* [PROBLEM DESCRIPTION]:
An exact transcript is required of the lines below, from the one containing "前回と同じく中流域は魚が濃い" through the very last; leave every picture out of it.

* [DATA EXTRACT]:

BEGIN

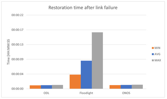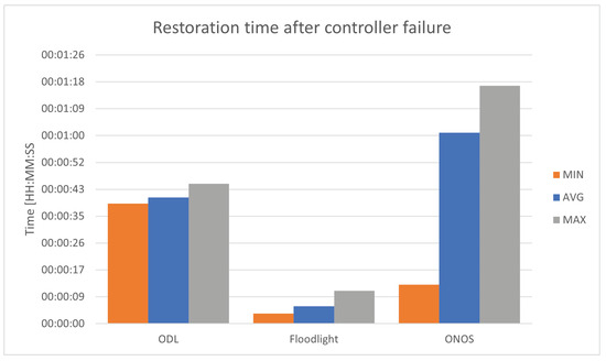 The majority of restoration time is the time it takes the controller to reboot. It also includes a significantly smaller amount of time from the time instant when the controller switches back on to the time instant when connectivity between devices on the network is restored. The results shown in Figure 6 contain the sum of both time periods. ONOS needs a very long time to start up, with an average of one minute and a maximum of one minute and 16 s, which is due to the fact that it is the most advanced controller and needs the longest time to load its functionalities. OpenDaylight obtained better results than ONOS, achieving a minimum of 38 s and a maximum of 44 s. Floodlight performed best, having the restoration time of, on average, 5 s and a maximum of 10 s.
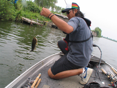 前回と同じく中流域は魚が濃いいのか、それともお昼前後に魚たちがカバーに入るのか良くわかんないけども、テキサスのカバー撃ちでポロポロ。
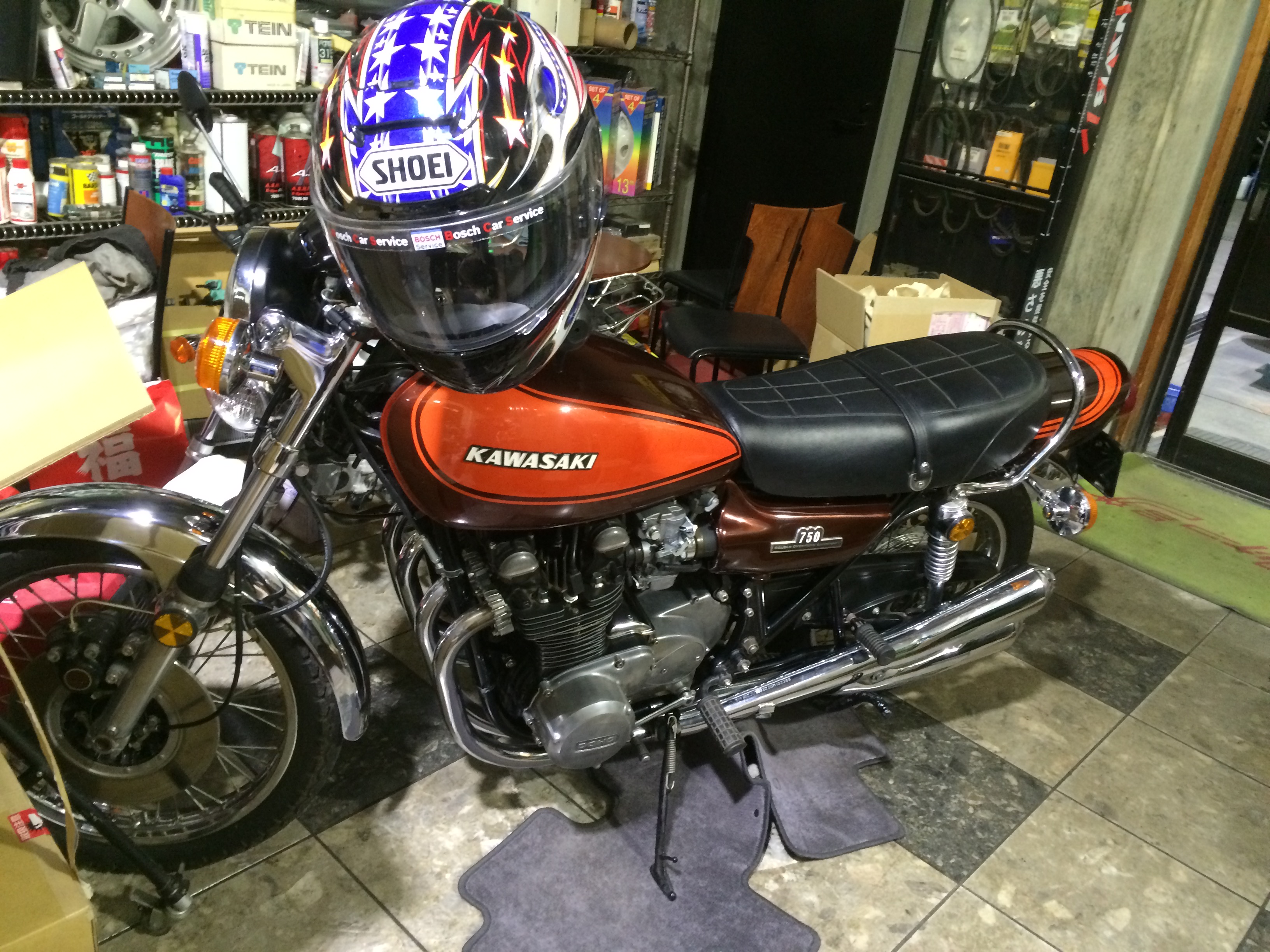ショップ内では現在、歴代名車と言われているカワサキ製 Z2をフルレストア中で有ります。

END

* [OUTPUT FOR THIS TASK]:
 前回と同じく中流域は魚が濃いいのか、それともお昼前後に魚たちがカバーに入るのか良くわかんないけども、テキサスのカバー撃ちでポロポロ。
ショップ内では現在、歴代名車と言われているカワサキ製 Z2をフルレストア中で有ります。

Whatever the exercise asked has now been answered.